1793 book by William Godwin

Enquiry Concerning Political Justice and its Influence on General Virtue and Happiness is a 1793 book by the philosopher William Godwin, in which the author outlines his political philosophy. It is the first modern work to elucidate anarchism.

== Background and publication ==
Godwin began thinking about Political Justice in 1791, after the publication of Thomas Paine's Rights of Man in response to Edmund Burke's Reflections on the Revolution in France (1790). However, unlike most of the works that Burke's work spawned in the ensuing Revolution Controversy, Godwin's did not address the specific political events of the day; it addressed the underlying philosophical principles. Its length and expense (it cost over £1) made it inaccessible to the popular audience of the Rights of Man and probably protected Godwin from the persecution that other writers such as Paine experienced. Nevertheless, Godwin became a revered figure among radicals and was seen as an intellectual leader among their groups. One way in which this happened is through the many unauthorized copies of the text, the extracts printed by radical journals, and the lectures John Thelwall gave based on its ideas.

== Content ==
Despite being published during the French Revolution, the French Revolutionary Wars, and the lead up to the 1794 Treason Trials in Britain, Political Justice argues that humanity will inevitably progress: it argues for human perfectibility and enlightenment.

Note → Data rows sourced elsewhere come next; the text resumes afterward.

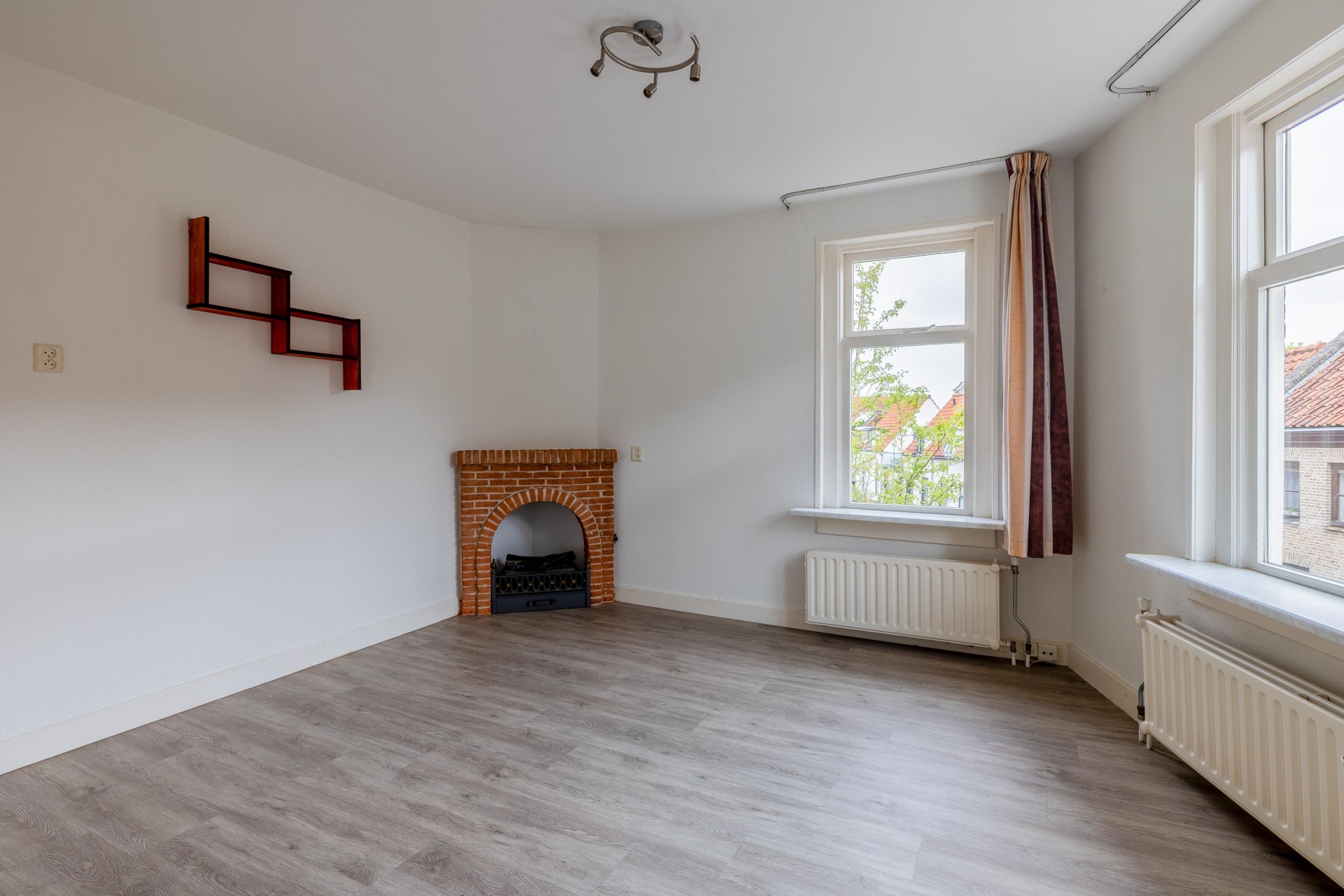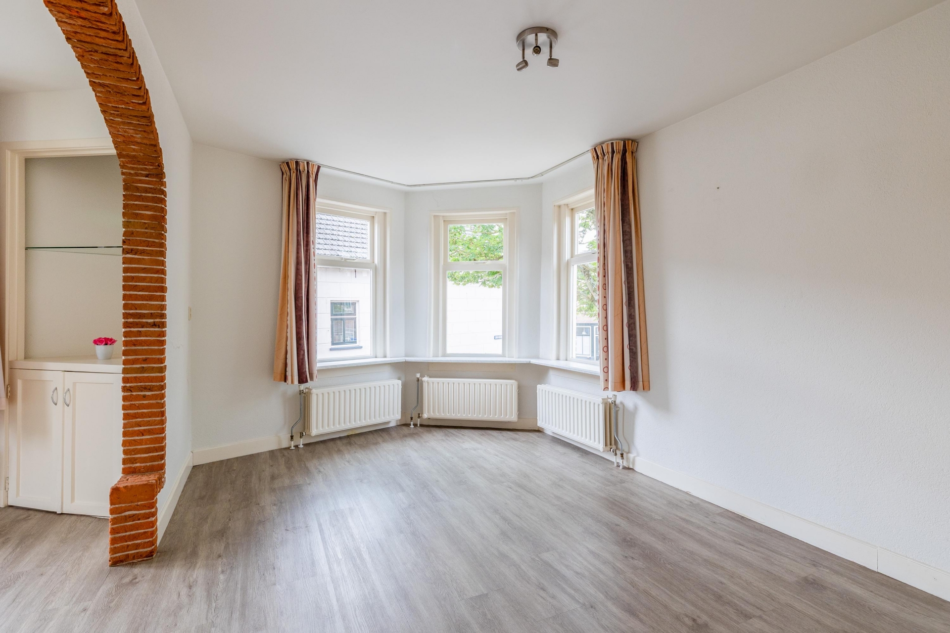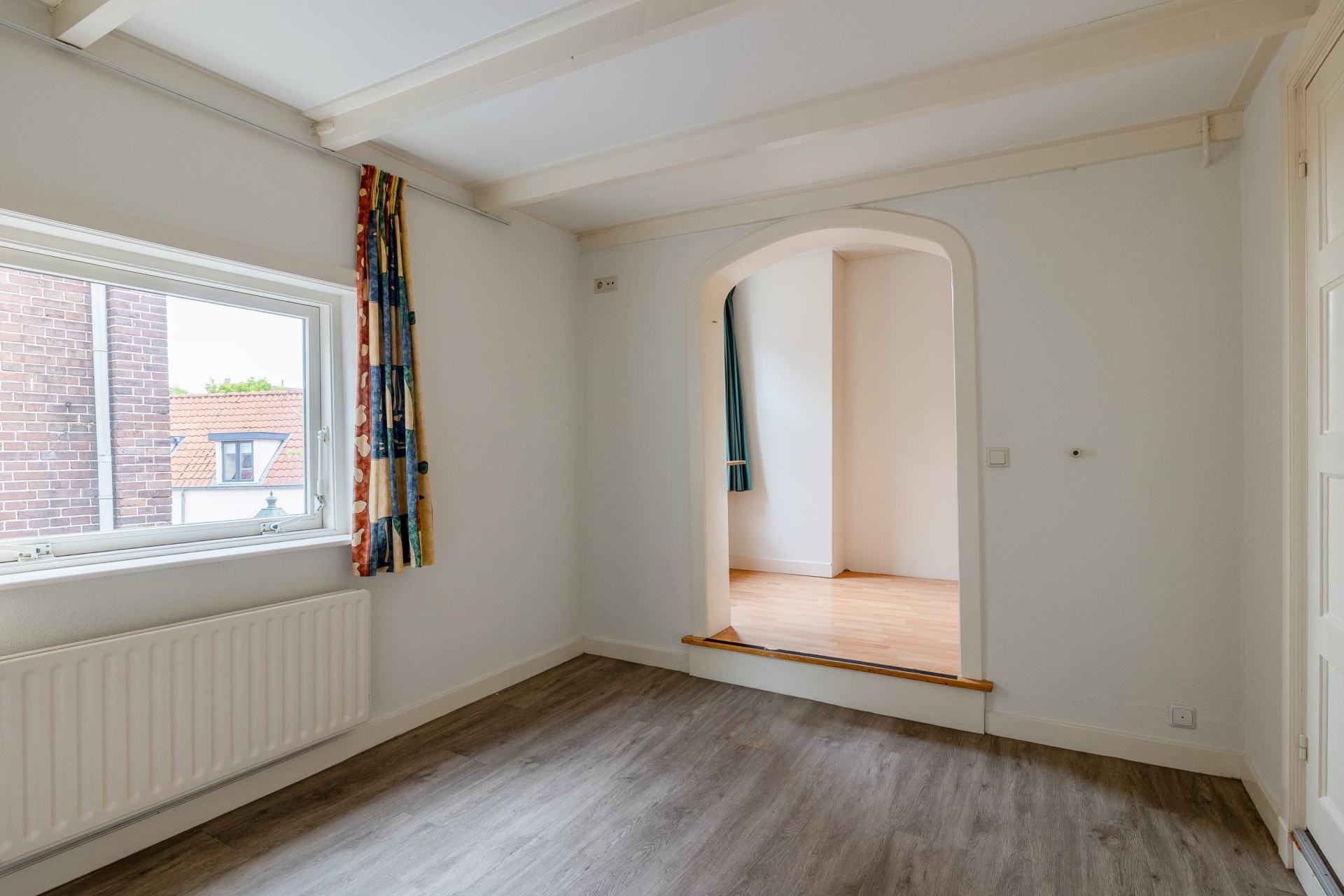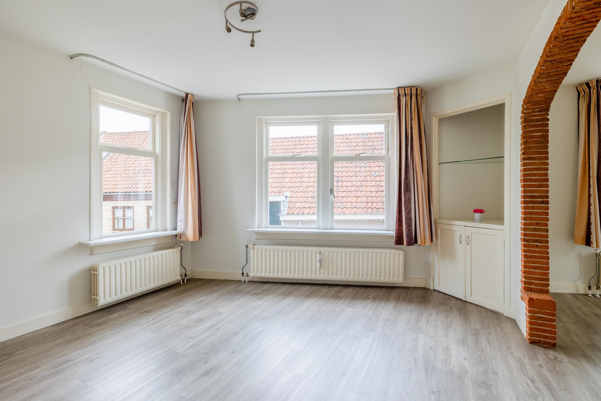 De woonkamer is een heerlijke plek om te ontspannen. De fraaie boog met bakstenen rand geeft de ruimte extra karakter en zorgt voor een speelse indeling met verschillende zitgedeeltes. De grote ramen aan de voorzijde brengen veel licht naar binnen en bieden zicht op de charmante straatjes van het oude centrum. De vloer heeft een moderne uitstraling en combineert goed met de lichte muren, waardoor je er direct je eigen stijl in kwijt kunt.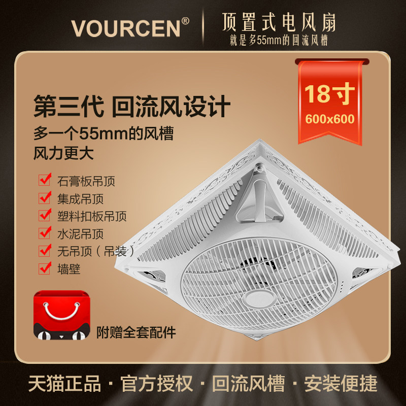 600x600 石膏板矿棉板电风扇集成吊顶天花商用静音遥控吸顶嵌入式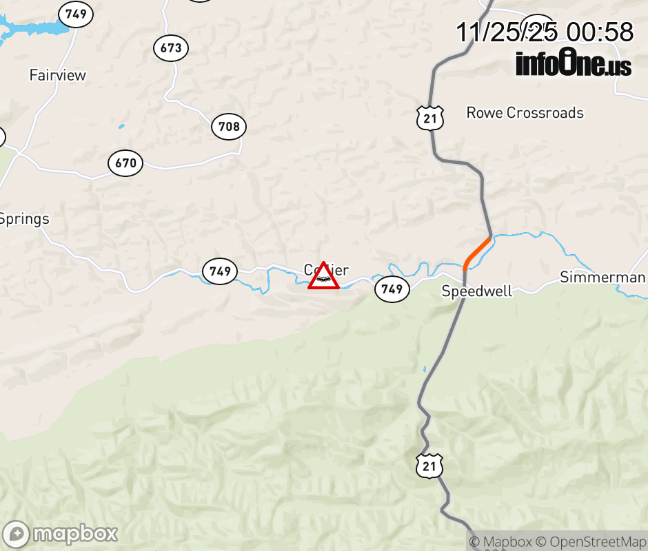 On Rt. 749 East in the County of Wythe, in the vicinity of Ward Branch Rd; Rt. 672N/S (Wythe County), motorists can expect delays due to a vehicle crash. Lane closures exist. ![]() |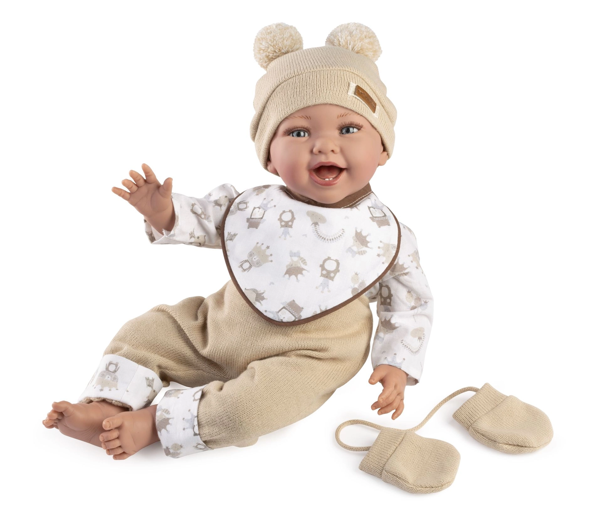 Panenka OLIVER je jako živá – jemný úsměv, realisticky tvarované ruce a nohy a hebké oblečky přímo vybízejí k mazlení a hře na rodiče. Díky kloubům, kterými jsou končetiny připevněny k tělu, je miminko snadno polohovatelné a může i sedět. Měkké látkové tělíčko je lehoučké a příjemné na dotek, takže se výborně drží i menším dětem.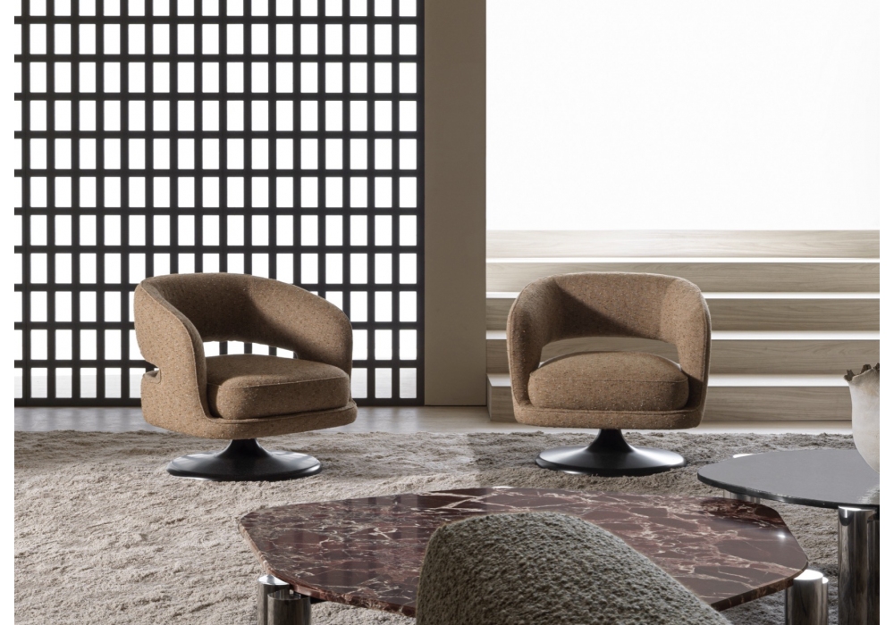 Linea designed by Vincent Van Duysen for Molteni&C is an armchair which embodies the refined aesthetic and distinctive taste of Italian savoir-faire, a guiding thread for Creative Director Vincent Van Duysen throughout the Molteni&C Collection. Swivel base with iconic trumpet shape and upholstery in fabric or leather.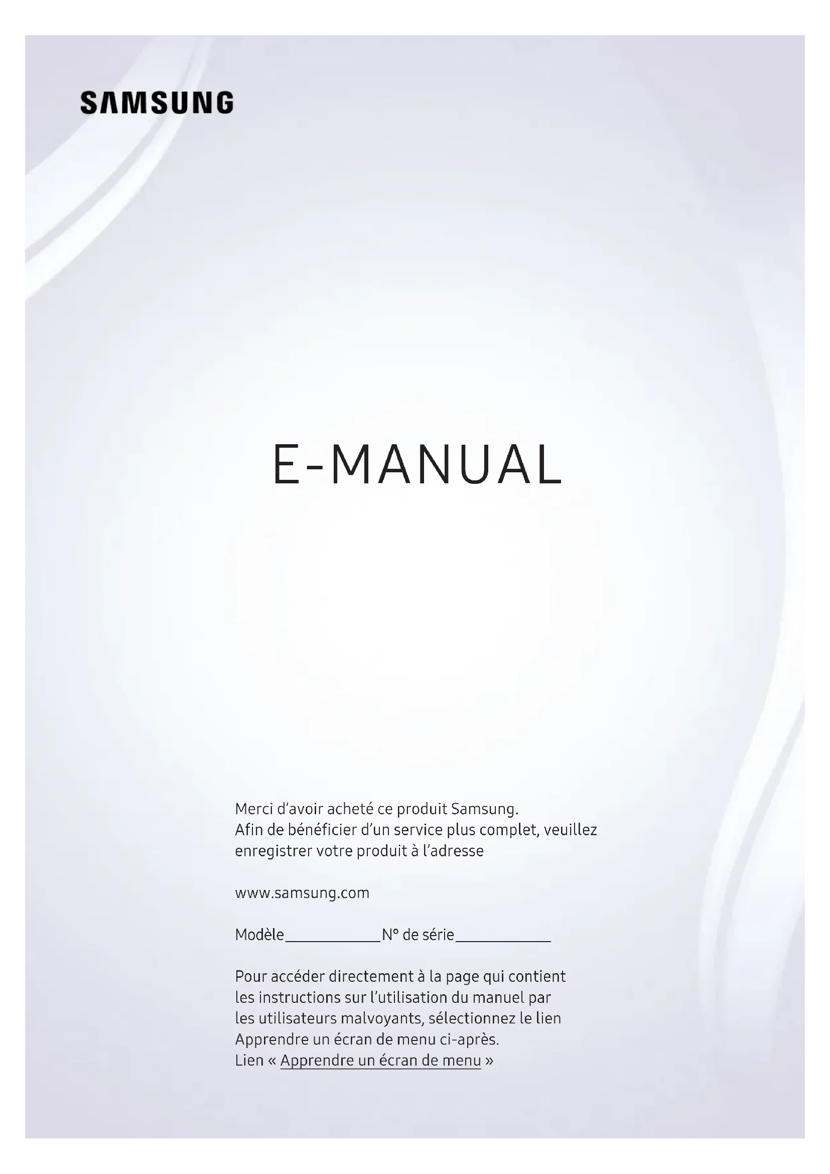 E-MANUAL Merci d’avoir acheté ce produit Samsung. Afin de bénéficier d’un service plus complet, veuillez enregistrer votre produit à l’adresse www.samsung.com M o d è l e __________________ N ° d e s é r i e __________________ Pour accéder directement à la page qui contient les instructions sur l’utilisation du manuel par les utilisateurs malvoyants, sélectionnez le lien Apprendre un écran de menu ci-après. Lien «Apprendre un écran de menu» FrançaisRésolution des problèmes de connectivité Internet 19 Résolution des problèmes de connectivité Internet Connexion de périphériques vidéo 21 Connexion à l'aide d'un câble HDMI 21 Connexion à l'aide d'un câble composant 22 Connexion à l'aide d'un câble composite (A/V) 23 Connexion avec un câble composant (modèles dotés d'un connecteur COMPONENT IN / AV IN uniquement) 24 Connexion avec un câble composite (modèles dotés d'un connecteur COMPONENT IN / AV IN uniquement) Connexions d'entrée et de sortie audio 25 Connexion à l'aide d'un câble HDMI (ARC) 25 Connexion à l'aide d'un câble audio numérique (optique) 25 Connexion au moyen d'un réseau sans fil 26 Connexion des périphériques Bluetooth Connexion à un ordinateur 26 Connexion via le port HDMI ― Partage d'écran (HDMI) Connexion de votre Périphérique mobile 27 Connexion du téléviseur via l’application SmartThings 28 Mise en miroir bidirectionnelle de votre téléviseur et de votre périphérique mobile à l’aide de l’application SmartThings 29 Gestion d'un périphérique mobile Basculement entre les différents périphériques externes connectés au téléviseur 29 Changement de signal d'entrée 30 Modification du nom et de l’icône d’un périphérique externe 31 Utilisation des autres fonctions Remarques sur la connexion 31 Remarque sur la connexion HDMI 32 Remarque sur la connexion des périphériques audio 32 Remarque sur la connexion des ordinateurs 33 Remarque sur la connexion des périphériques mobiles Guides de démarrage L'utilisation du Smart Hub Mise à jour du logiciel du téléviseur 9 Mise à niveau du logiciel du téléviseur vers la dernière version 9 Mise à jour automatique du téléviseur Obtention d’aide 10 Assistance via la fonction Gestion à distance 11 Recherche des coordonnées du service 11 Demande de service Connexions Guide de connexion Raccordement d'une antenne (Antenne) Connexion à Internet 14 Connexion à votre réseau Internet 16 Vérification de l’état de la connexion Internet 16 Redémarrage de votre réseau 16 Mise sous tension du téléviseur à l’aide d’un Périphérique mobile 16 Connexion d'un dispositif de contrôle IP au téléviseur. 17 Configuration d’une connexion Internet via IPv6 17 Modification du nom du téléviseur sur un réseau Connexion à un réseau au moyen d'un dongle mobile (Pour l'Inde uniquement) Sommaire 2Utilisation de l’application Galerie Utilisation de l’application Guide universel Utilisation de l’application SmartThings Utilisation de e-Manual 55 Lancement du e-Manual 56 Utilisation des boutons dans le e-Manual Utilisation de Internet Lecture des images/vidéos/fichiers musicaux 58 Lecture de contenu multimédia Visionnement du téléviseur Affichage des informations sur les diffusions numériques en bref 59 Utilisation du guide Enregistrement de programmes 61 Enregistrement de programmes 62 Gestion de la liste des enregistrements planifiés 63 Visionnage de programmes enregistrés 63 Configuration du démarrage d’un enregistrement planifié Configuration d'un Programmer visionnage 63 Configuration du visionnage des programmes d'une chaîne 64 Modification d'un visionnage programmé Utilisation de la fonction Timeshift Boutons et fonctions disponibles lors de l'enregistrement d'un programme ou avec Timeshift Utilisation de Liste des chaînes Périphériques Utilisation de la fonction Anynet+ (HDMI-CEC) 34 Connexion d’un périphérique externe via Anynet+ et utilisation des menus correspondants Commande du téléviseur à l’aide d’un clavier ou d’une souris 35 Connexion d’un clavier ou d’une souris USB 35 Connexion d’un clavier ou d’une souris Bluetooth 36 Utilisation du clavier et de la souris 37 Configuration des périphériques d’entrée Saisie de texte à l’aide du clavier virtuel à l’écran Fonctions Smart Smart Hub 40 Affichage de l’Barre d'accès rapide 44 Lancement automatique de Smart Hub 44 Lancement automatique de la dernière application utilisée 44 Test des connexions Smart Hub 44 Réinitialisation de Smart Hub Utilisation d'un compte Samsung 45 Création et gestion de votre compte Samsung 46 Ouverture d'un compte Samsung Utilisation du service Mes Applications 49 Installation et exécution d'une application 50 Gestion des applications achetées ou installées 3Image et Son Réglage de la qualité des images 76 Sélection du mode d'image 77 Configuration des paramètres d'image avancés Configuration de l’environnement d’affichage des périphériques externes 78 Jouer à des jeux sur un écran optimisé 78 Configuration des détails du mode jeu 79 Utilisation du niveau de noir HDMI Fonctions de prise en charge des images 79 Modification du format de l'image 80 Modification automatique du format d'image 80 Basculement du format d'image sur le mode 4:3 ou Adapter à l'écran 80 Adaptation de l'image à l'écran 80 Réglage de la taille et/ou de l'emplacement de l'image Configuration du Mode Son et des Paramètres expert 81 Sélection du mode son 81 Configuration des paramètres audio avancés Utilisation des fonctions de prise en charge du son 82 Choix des haut-parleurs 82 Diffusion du son du téléviseur via un appareil Bluetooth 83 Diffusion du son du téléviseur via un périphérique audio Samsung qui prend en charge la fonction Wi-Fi Modification de chaînes 68 Suppression de chaînes enregistrées 68 Modification de chaînes enregistrées Création d'une liste de chaînes favorites personnalisée

McCann explains that "Political Justice is ... first and foremost a critique of political institutions. Its vision of human perfectibility is anarchist in so far as it sees government and related social practices such as property monopoly, marriage and monarchy as restraining the progress of mankind". Godwin believed that government "insinuates itself into our personal dispositions, and insensibly communicates its own spirit to our private transactions". Instead, Godwin proposes a society in which human beings use their reason to decide the best course of action. The very existence of governments, even those founded through consensus, demonstrates that people cannot yet regulate their conduct by the dictates of reason.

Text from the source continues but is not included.